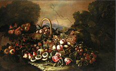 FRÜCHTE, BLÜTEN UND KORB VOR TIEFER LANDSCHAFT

* * *

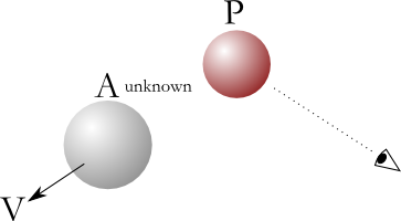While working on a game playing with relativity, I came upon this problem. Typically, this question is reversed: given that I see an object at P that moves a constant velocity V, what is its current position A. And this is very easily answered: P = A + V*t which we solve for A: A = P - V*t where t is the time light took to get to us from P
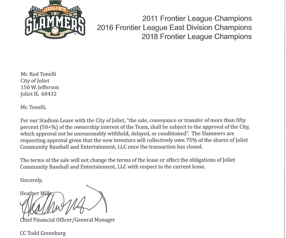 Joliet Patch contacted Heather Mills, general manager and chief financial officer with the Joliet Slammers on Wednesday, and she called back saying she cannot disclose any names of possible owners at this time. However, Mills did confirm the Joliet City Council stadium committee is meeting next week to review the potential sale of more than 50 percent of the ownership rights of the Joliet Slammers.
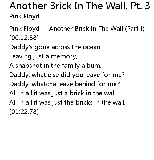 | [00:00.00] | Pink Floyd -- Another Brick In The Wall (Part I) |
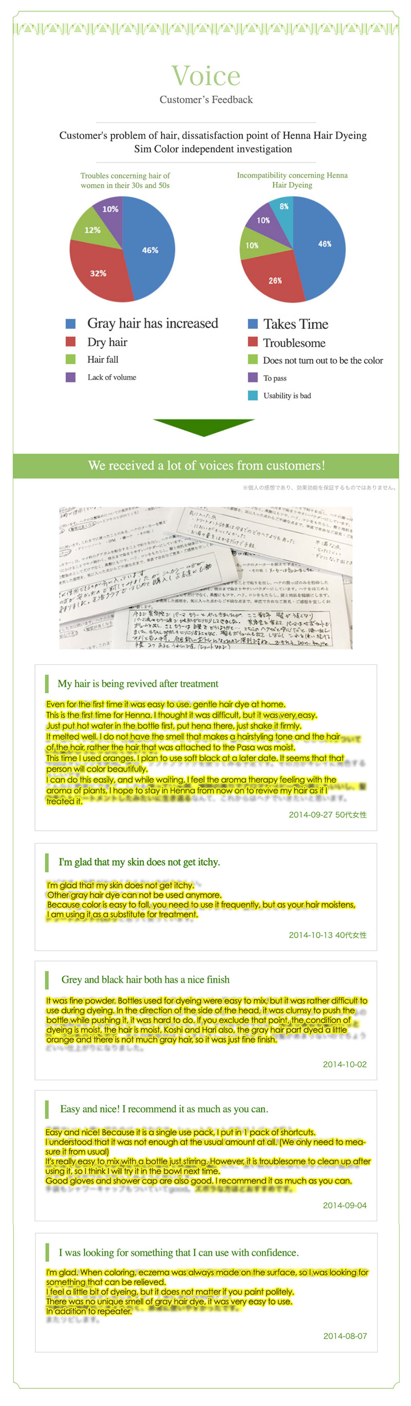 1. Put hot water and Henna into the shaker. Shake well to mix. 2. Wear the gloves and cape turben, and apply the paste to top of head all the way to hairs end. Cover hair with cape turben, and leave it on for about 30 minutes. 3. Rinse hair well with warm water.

__Exercise instructions__
Within the listing above, extract exactly the lines that run from the one containing "Wall (Part I) |" through the one containing "1. Put hot water", excluding any pictures.

__Written answer__
 | [00:00.00] | Pink Floyd -- Another Brick In The Wall (Part I) |
 1. Put hot water and Henna into the shaker. Shake well to mix. 2. Wear the gloves and cape turben, and apply the paste to top of head all the way to hairs end. Cover hair with cape turben, and leave it on for about 30 minutes. 3. Rinse hair well with warm water.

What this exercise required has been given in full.